Copy the lines below verbatim, but only from the line containing "Figure 9. Secondary" through the end of the data.
Records for processing: Begin
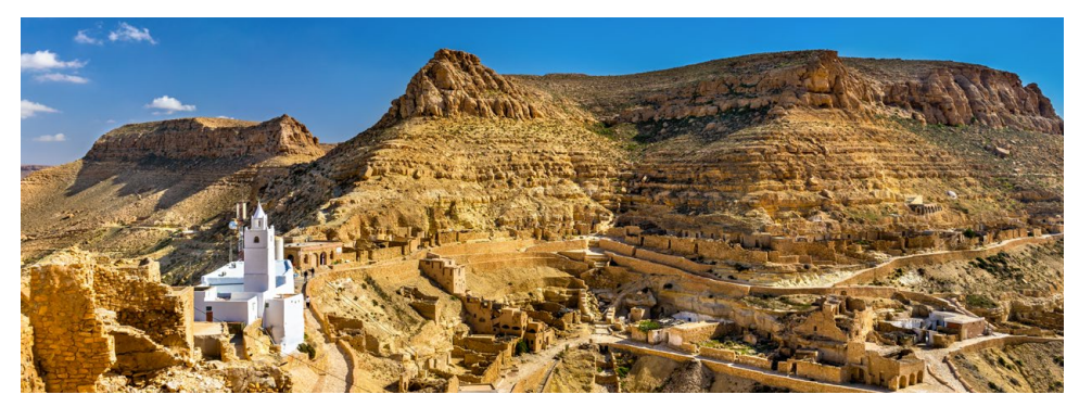
Panorama of chenini, a fortified berber village in Tataouine governorate, South Tunisia

The Governorate of Tataouine is located in the southwest of Tunisia, 500 km south of the capital. With an area of 38,889 km, it represents about a quarter of Tunisia and is home to over 151,000 residents. Eight delegations, seven municipalities, and 64 sectors make up the area. Tataouine is one of the richest provinces in Tunisia in terms of natural resources, mainly fuels, gypsum, and marble. According to official figures, its oil and gas fields represent 40% of Tunisian oil production and 20% of the country's gas production. 55
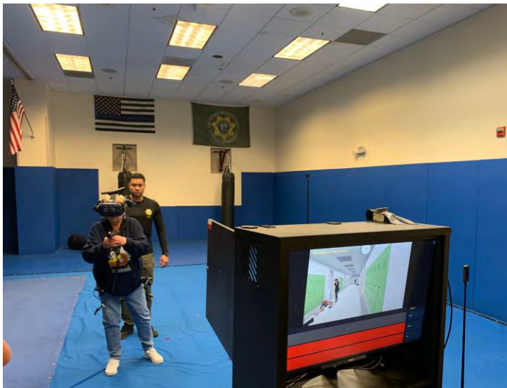
Sandy sees her suspect as shown on the monitor.
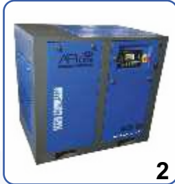
2 SCREW AIR COMPRESSOR /ROTARY TYPE (SILENT COMPRESSOR) 7.5 HP TO 100 HP
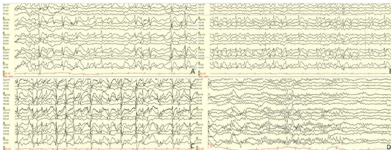
Fig. 3. Subsequent sleep EEGs and treatment modifications A. Spike-wave index calculated at 60% leading to clobazam initiation. B. Several weeks later, spike wave index calculated at 70–80% leading to high dose diazepam trial and oxcarbazepine discontinuation. C. Several weeks later spike wave index calculated at 90–95% leading to corticosteroid trial. D. Several weeks later no interictal discharges noted on 24 hour video EEG. EEG settings: Bipolar montage; LP 1 Hz, HP 50 Hz, 15uV/mm, 10seconds/page.

A year later, and nine days following initiation of corticosteroid administration (Fig. 3 after panel C and before panel D), a third neuropsychological evaluation was completed as a part of a pre-surgical work-up. As such, the battery of tests administered was modified slightly according to the institution’s presurgical epilepsy battery. Importantly, the patient had been started on stimulant
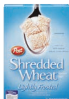
POST Shredded Wheat Lightly Frosted
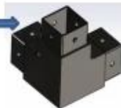
4-way tube connector

For tube dimensions Model 30×30×1.5(mm) S303 40×40×1.5(mm) S403 50×50×2.0(mm) S503 51×51×3.2(mm) S513 50×50×3.0(mm) S513A
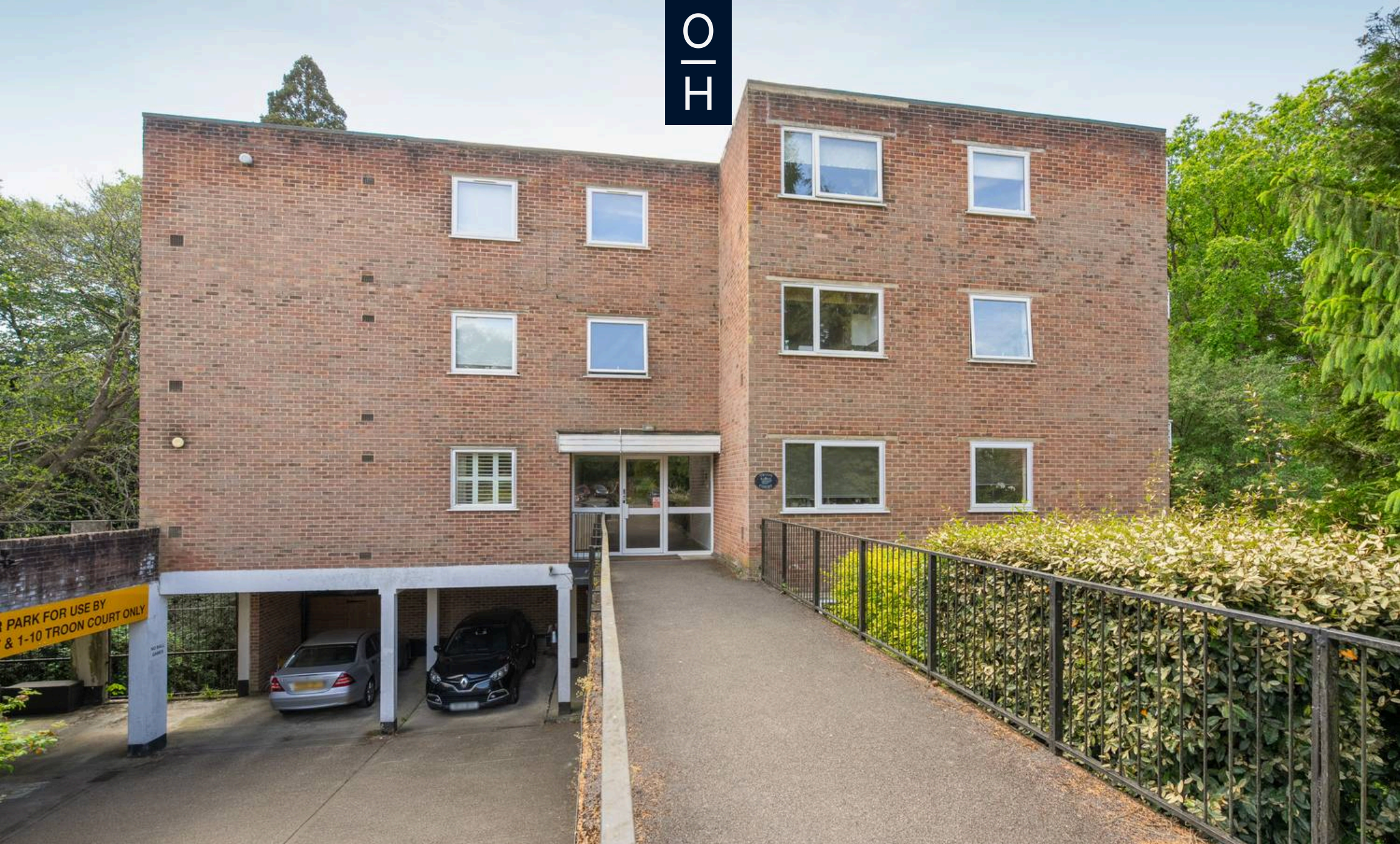
Troon Court, Sunninghill Guide Price £300,000
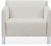
31-INCH SEAT (BARIATRIC AVAILABLE)
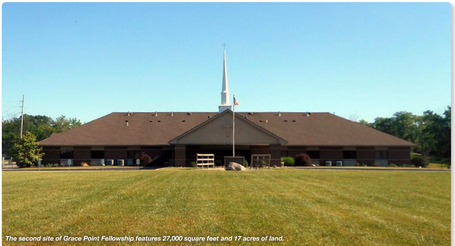
The second site of Grace Point Fellowship features 27,000 square feet and 17 acres of land.
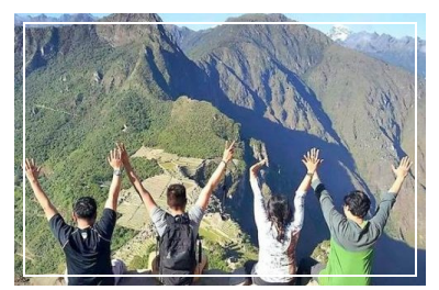
THE HISTORY OF THE INCAS
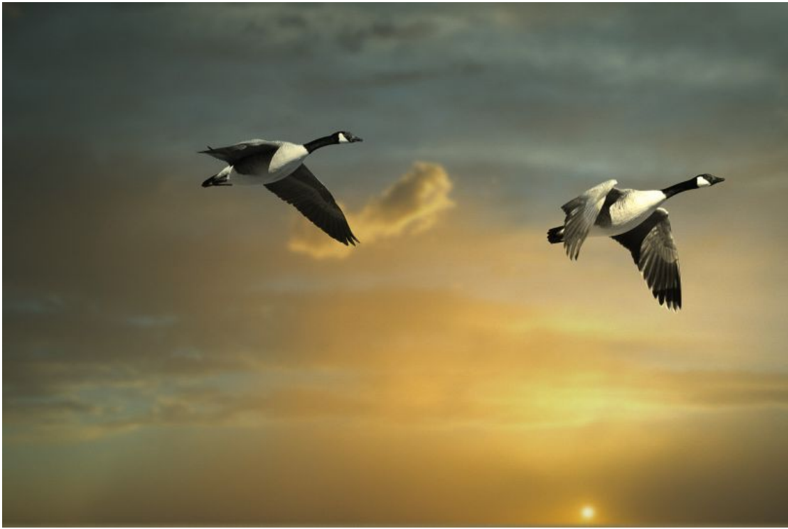
May 2020 Photo Competition Class A Nature Second Place: "Away We Go" by Ivan Bub
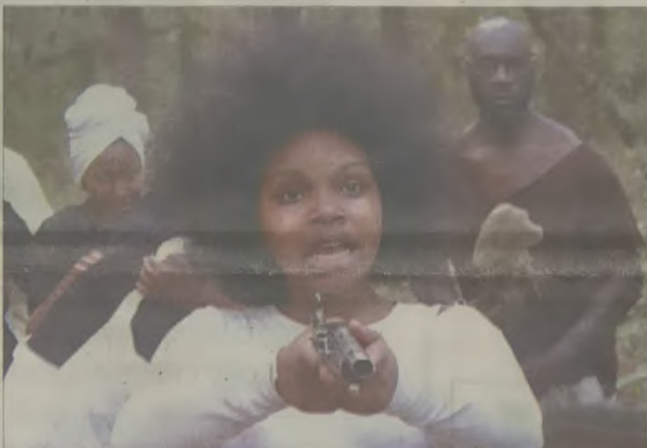
IMAGE STILL FROM 'FREEDOM OF NC'
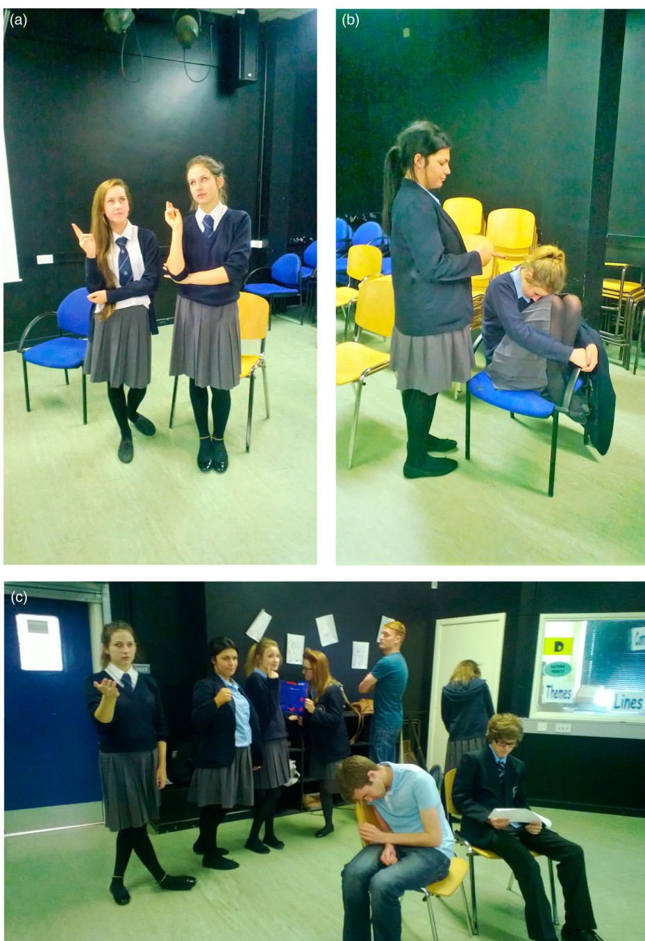
Figure 9. Secondary school students in Belfast demonstrate their embodied recall of characters from Mojo Mickybo by Owen McCafferty in 2013.

relate ambivalently and so are capable of producing a range of interpretations which do not exclude 'over-riding truths'. (email to author 20/3/2013)
Records for processing: End
:: Solution ::
Figure 9. Secondary school students in Belfast demonstrate their embodied recall of characters from Mojo Mickybo by Owen McCafferty in 2013.

relate ambivalently and so are capable of producing a range of interpretations which do not exclude 'over-riding truths'. (email to author 20/3/2013)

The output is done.